Виноградник мой полон гурий, Полногрудые передо мною, И краснеет чаша вина, Почему же мне снились битвы, И стертые в пыль скалы, И в пыли – мои следы? Небеса распахнуты настежь, Осыпают меня жемчугами,– Не ленись, нагнись, подбери! Почему мои мысли – о схватках И о яде в литой чаше? Почему я сегодня стар? И пусть руки белые манят, И пусть дразнят нагие груди, Пусть сулят мне блаженство рая – Мне сегодня – помнить о ранах… И мне снились скитанья былые, И был этот сон так тревожен.
Из‑за угла впереди показался облаченный в бурнус курьер‑фидайкин. Он отбросил капюшон на спину, завязки конденскостюма свисали на шею, он явно только что прибыл из пустыни. Пол жестом приказал ему остановиться, выпустил из рук занавеси, прикрывавшие вход. Мужчина склонился перед ним, сомкнув спереди руки, – так подобало приветствовать Преподобную Мать или сайидину обрядов. Он сказал: – Муад'Диб, вожди начали собираться на совет. – Так скоро? – Те, которых Стилгар пригласил заранее, когда все еще считали… – он пожал плечами. – Вижу, – Пол вновь оглянулся на слабый звук бализета, припоминая старую песню, которую почему‑то захотела услышать его мать. Игривая, веселая мелодия странно контрастировала с грустными словами. – Скоро вместе с остальными сюда прибудет Стилгар.
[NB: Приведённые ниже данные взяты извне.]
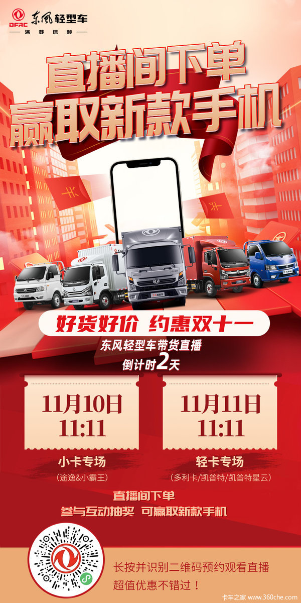当前位置: 卡车之家 >卡车经销商 > 石家庄玛泰汽车销售(凯普特) > 促销新闻 > 好货好价 约惠双十一 东风轻型车带货直播倒计时!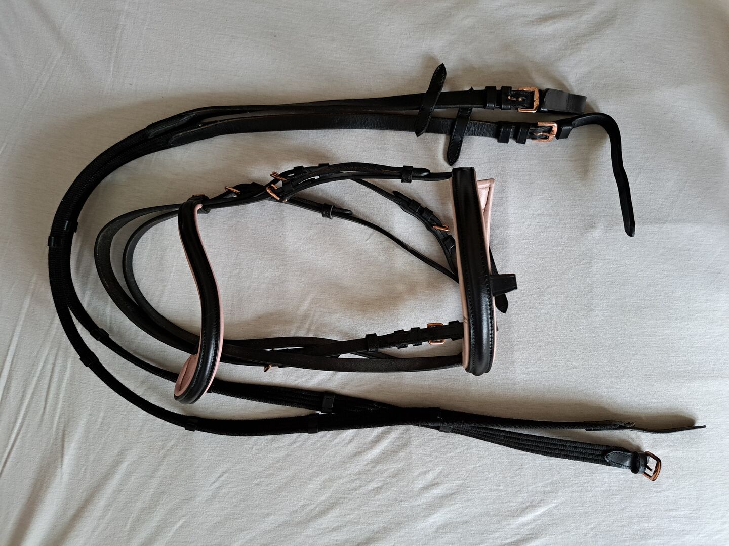 Snaffle Showmaster Pony Pink Lined - The bridle is in good condition, has no defects and looks very nice. Reins are included because they have been used several times.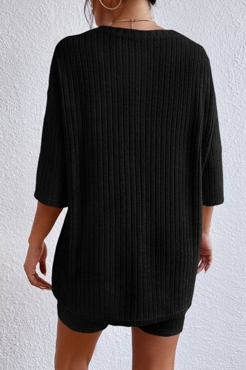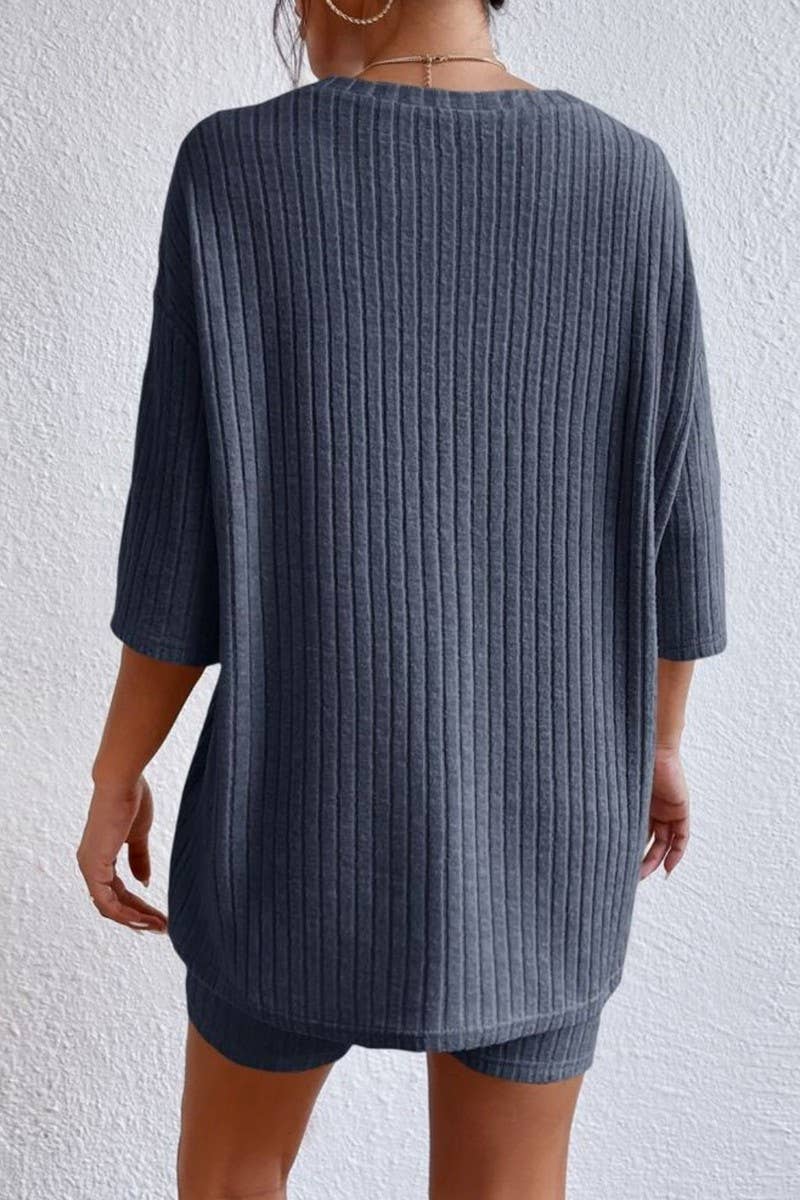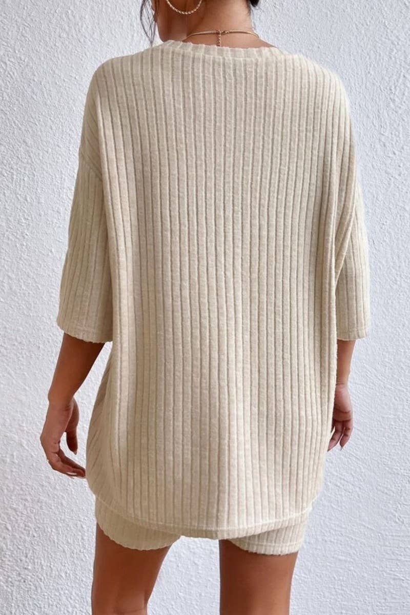 SOLID COLOR ROUND NECK LOOSE TOP AND SHORTS SET

Проводи их к моей матери, она ждет их. – Я подожду их здесь, Муад'Диб, – произнес вестник. – Да… да, так и сделай. Миновав остановившегося фримена, Пол направился в глубь пещеры, к месту, которое было в каждом стойбище возле котловины с водой. Там, между рытвинами с водой, содержали крохотного Шай‑Хулуда, недоростка. Делатель, отделившийся от малых делателей, избегал воды: она была для него ядом. Их топили в воде, и это было величайшим секретом фрименов, – так они получали Воду Жизни, что объединяла их, – но яд, содержащийся в ней, могла преобразовать только Преподобная Мать. Это решение Пол принял там, перед лицом матери, во время этой драмы. Ни в каком из вариантов будущего не видел он, что Гарни Холлек вдруг станет опасен. Будущее бурлящим серым облаком опутывало его, призрачный мир шествовал к бурной развязке. «Я должен увидеть все, что скрывается за пеленой», – подумал он. Тело его постепенно вырабатывало невосприимчивость к специи, и провидческие видения посещали его все реже и реже… становясь при этом все смутнее. Решение было очевидным. «Придется утопить делателя. И проверим, не в самом ли деле я – Квизац Хадерач, мужчина, которому по силам выдержать испытание, что проходит каждая Преподобная Мать».
***
И случилось в третий год пустынной войны, что лежал Муад'Диб в глубинах Птичьей пещеры, в каменной келье под покрывалами кисва. Словно мертвый лежал он, поглотило его откровение, даруемое Водой Жизни, ядом, что дает жизнь, что унес Муад'Диба за пределы времен. Так стало правдой пророчество. Гласило оно: «Лисан‑аль‑Гаиб может быть сразу и жив и мертв». Принцесса Ирулан. «Избранные легенды Арракиса»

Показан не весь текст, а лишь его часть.